L-Glycerate, Urine with Creatinine

Test Code

12731

CPT Codes
82542, 82570

Preferred Specimen

5 mL urine with no preservative collected in a plastic urine container

Minimum Volume

1 mL

Other Acceptable Specimens

Urine acidified with 6N HCL collected in a plastic urine container

Transport Temperature

Frozen

Specimen Stability

Room temperature: Unacceptable
Refrigerated: 72 hours
Frozen: 30 days

Methodology
Liquid Chromatography/Tandem Mass Spectrometry (LC/MS/MS)

FDA Status
This test was developed and its analytical performance characteristics have been determined by Quest Diagnostics. It has not been cleared or approved by FDA. This assay has been validated pursuant to the CLIA regulations and is used for clinical purposes.

Setup Schedule

A.M. Sets up 1 day a week.

Clinical Significance

The primary hyperoxalurias (PH) are a group of inherited disorders caused by defects in glyoxylate metabolism, with a combined incidence of about 1:60,000. To date, three primary hyperoxalurias have been described, designated as PH1, PH2, and PH3. All three forms follow an autosomal recessive mode of inheritance, and lead to increased oxalate levels in the body. The typical presentation is with recurring calcium oxalate renal stones. Calcium oxalate can also deposit in various tissues including the kidneys (nephrocalcinosis). End stage renal disease can occur from damage caused by the systemic oxalosis.

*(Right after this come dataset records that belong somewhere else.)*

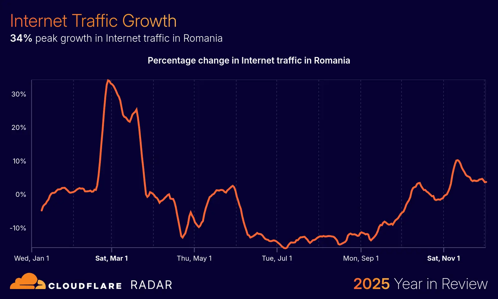 Cloudflare, un serviciu prin care trece un volum semnificativ din traficul total de date din Internet, a dat publicului statistici sub forma unui Year in Review. Puteți vedea și datele pentru România.
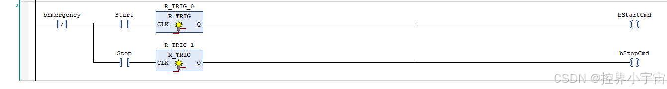 - 按钮保持按下状态时,bStartCmd=FALSE;按钮释放后再次按下,才会再次触发上升沿,生成启动命令;
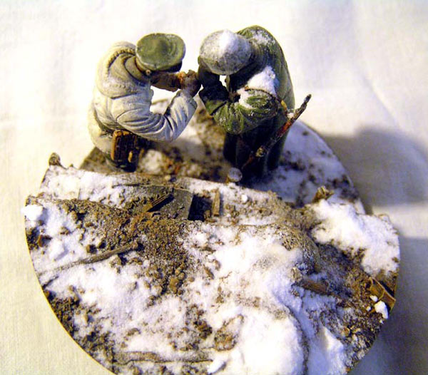 Использованы: подставка 5,45, фигуры Драгон. Окраска: фигуры - Тамия, Модел Мастер, подставка - Ревелл, масло, снег - сода с ПВА. Масштаб 1:35.

The age of onset of symptoms ranges from infancy to adulthood; some adults may remain asymptomatic until the sixth decade.

The CPT Codes provided in this document are based on AMA guidelines and are for informational purposes only. CPT coding is the sole responsibility of the billing party. Please direct any questions regarding coding to the payor being billed. Any Profile/panel component may be ordered separately. Reflex tests are performed at an additional charge.